TO DO>
For this exercise, output exactly and only the lines running from the one with "КорнеплодЗапасающий орган, в" through the final line of the data below, without pictures.
··· INPUT DATA ···
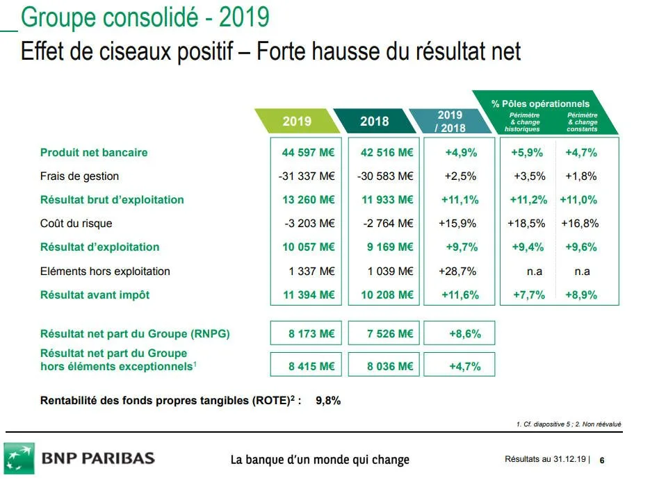 La bonne maîtrise des coûts permet de dégager un effet de ciseaux positif de 2,4 points. Cet effet de ciseaux s’accompagne d’une baisse du coefficient d’exploitation dans chacun des pôles opérationnels grâce à la mise en œuvre, en ligne avec le plan 2020, des mesures de réduction de coûts pour un total cumulé de 1,8 milliard d’euros depuis le lancement début 2017. Les coûts de transformation sont en ligne avec les objectifs annoncés et il n’y en aura plus en 2020.
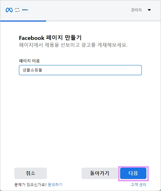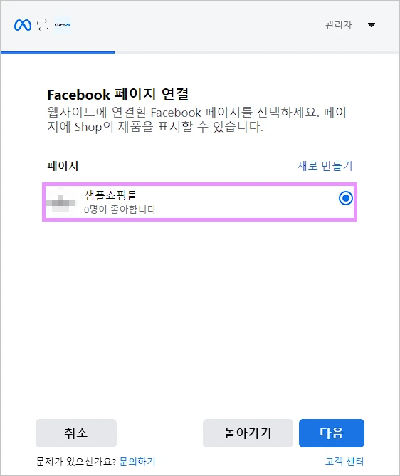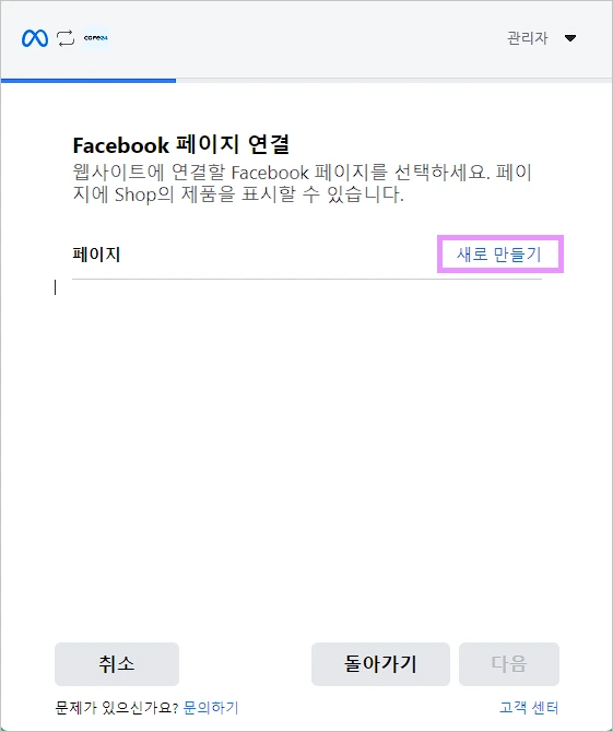 다음 단계에서는 페이스북 페이지를 선택해야 한다. 만약 페이지가 없다면, [새로 만들기]를 클릭하여 간단히 페이지를 생성한다. 이름을 입력하면 페이지가 생성되어 선택할 수 있다.
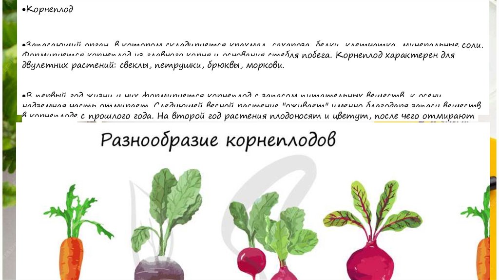 КорнеплодЗапасающий орган, в котором складируется крахмал, сахароза, белки, клетчатка, минеральные соли.
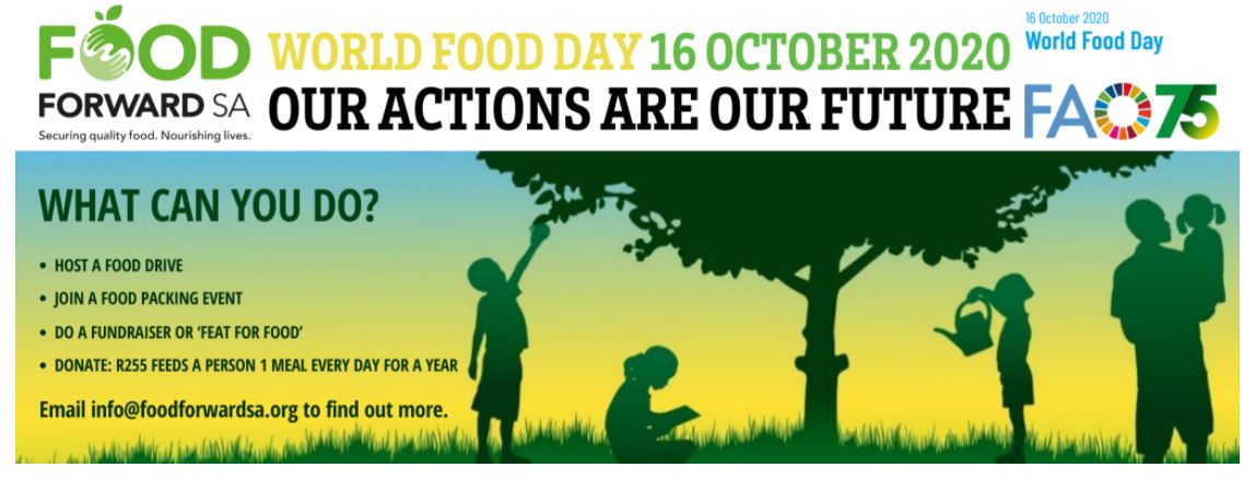 Leading up to World Food Day on 16 October 2020, now more than ever, we need to come together again to meet the increased challenges presented by COVID-19. Be part of this initiative, donate now to FoodForward SA.
···
RESULT OF THE EXERCISE>
 КорнеплодЗапасающий орган, в котором складируется крахмал, сахароза, белки, клетчатка, минеральные соли.
 Leading up to World Food Day on 16 October 2020, now more than ever, we need to come together again to meet the increased challenges presented by COVID-19. Be part of this initiative, donate now to FoodForward SA.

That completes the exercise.